The Colorful New Addition to UCSB Library

We all love having a little extra color in our lives, there is no doubt about it. No one knows the power of color better than Santa Barbara-based artist Jane Gottlieb. With an international art career spanning over thirty years, Gottlieb is well known for her brilliant use of contrasting colors in both her work and her home.


Gottieb Library © Jane Gottieb


For her latest commission for UC Santa Barbara Library, unveiled October 7th, 2020, Gottlieb worked her colorful magic in Adobe once again. This massive new work, titled Check It Out, measures 14 feet by 15 feet and is composed of eight archival prints printed on aluminum, assembled to fit snuggly together. As for its creation, the artist took a single sideview of the building from the original reference image and mirrored it, creating a dynamic focal point. The palm trees and clean geometric lines from the campus architecture draw the eye out into the foliage along the horizon.


Pompidou View video © Jane Gottieb


There is something distinctly California in the feel to this work, from the pop of color to the textures both naturally occurring and artificially created, to the architecture of the featured building where this work now resides. The blue sky extends for an infinity, the shadows have nearly all disappeared, and it is eye-catching in its florescence.

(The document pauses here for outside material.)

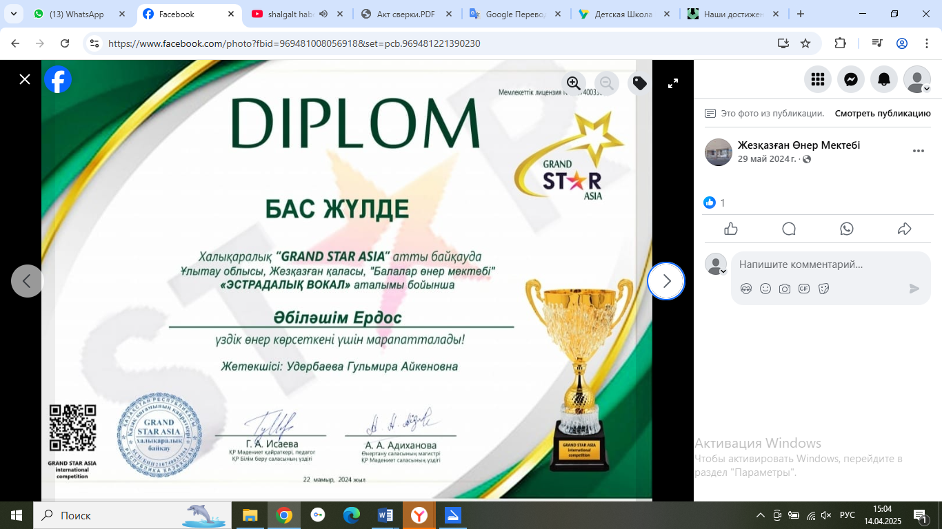 Оқушылардың «GRAND STAR AZIA» халықаралық өнер байқауына қатысуы.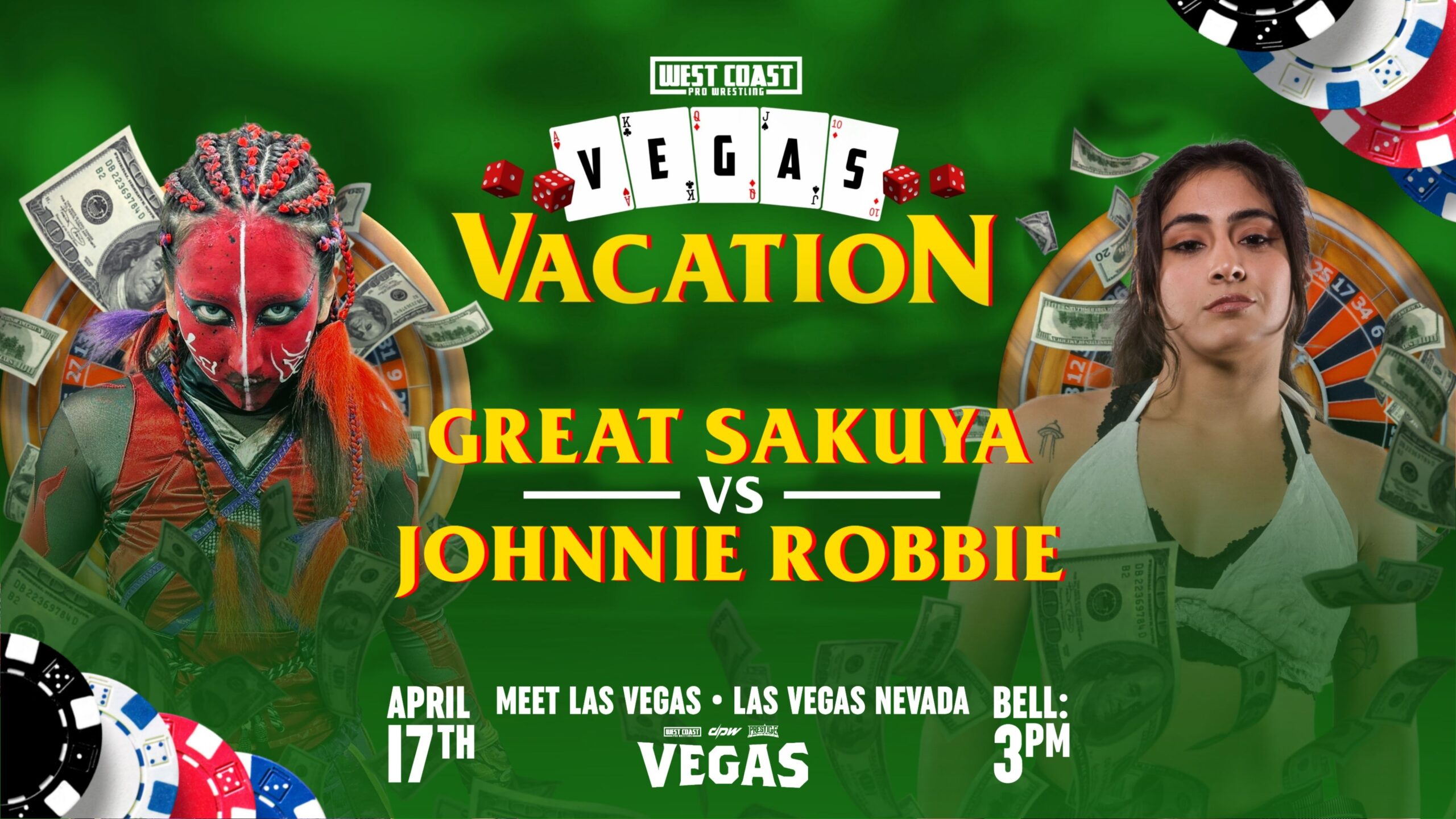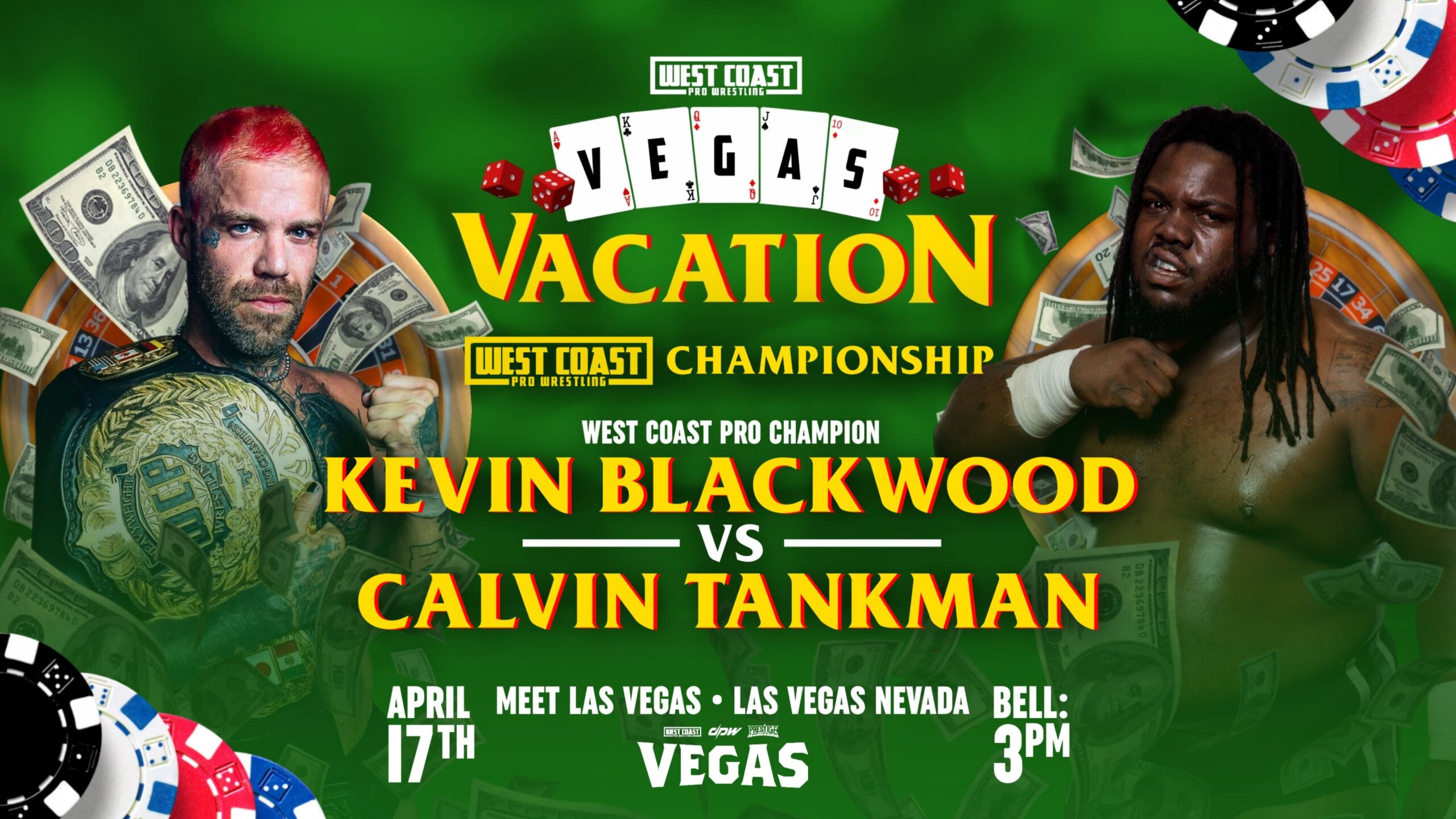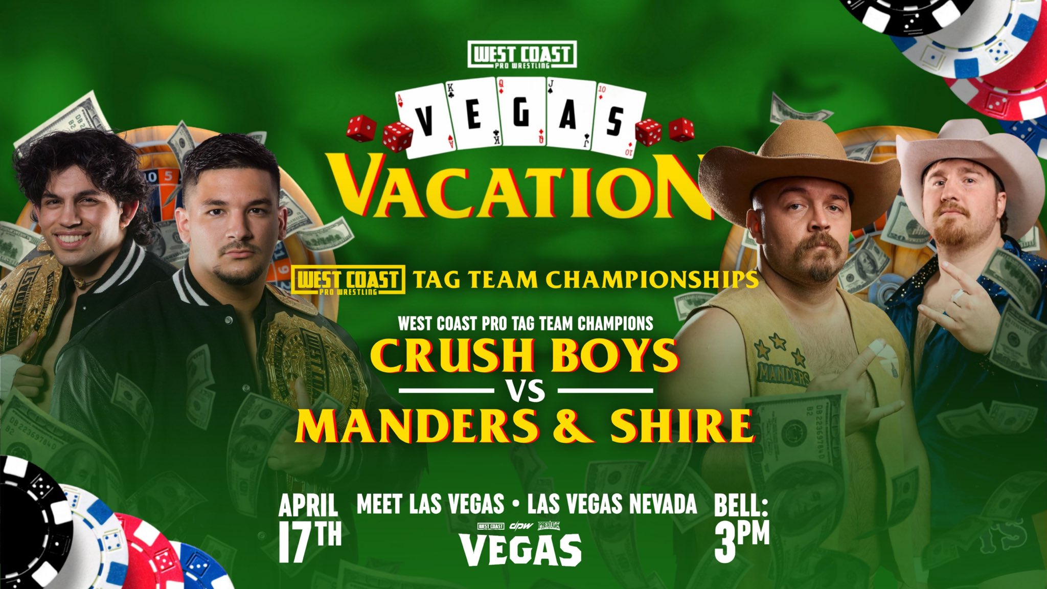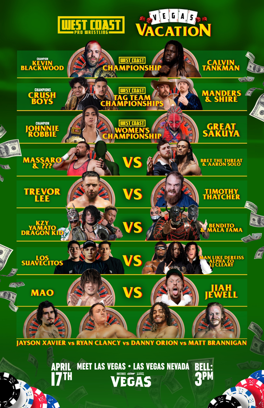 La empresa West Coast Pro Wrestling confirmó la cartelera para su próximo gran evento VEGAS Vacation el 17 de abril en Las Vegas, Nevada. Este será el show de celebración del 25 aniversario de la compañía.

It is reminiscent of SoCal’s long blazing afternoons, spent lounging at the beach or in the back garden, or in the case of UC Santa Barbara students, on the lawns of campus.


-Stairway to Hotel du Cap video © Jane Gottieb


Gottlieb’s artistic practice has evolved over the decades alongside digital technology – having started out as a painter before evolving into a photographer and editor, but always always including bright colors in her work. Now she puts her photographs into Photoshop and has her way with them – collaging, painting, editing, and enhancing them into glorious assemblages of color.


There is a battling simplicity and complexity to Gottlieb’s art that perhaps makes it so iconic and recognizably hers. The scenes displayed in the works, based off of her own photographs, are familiar to the viewer as a memory or encounter in their day-to-day life. This recognition is then challenged by the editing and intentional use of color that transports the viewer into the realm of the surreal. Indeed, there is a history of these attention grabbing pigments being used throughout art history—Dahli within Surrealism, Warhol within Pop, and so on—and perhaps these paved the way to a degree.


However, it is an irrevocable fact that Gottlieb has mastered the use of color for her art and that her practice and style is one entirely and uniquely her own.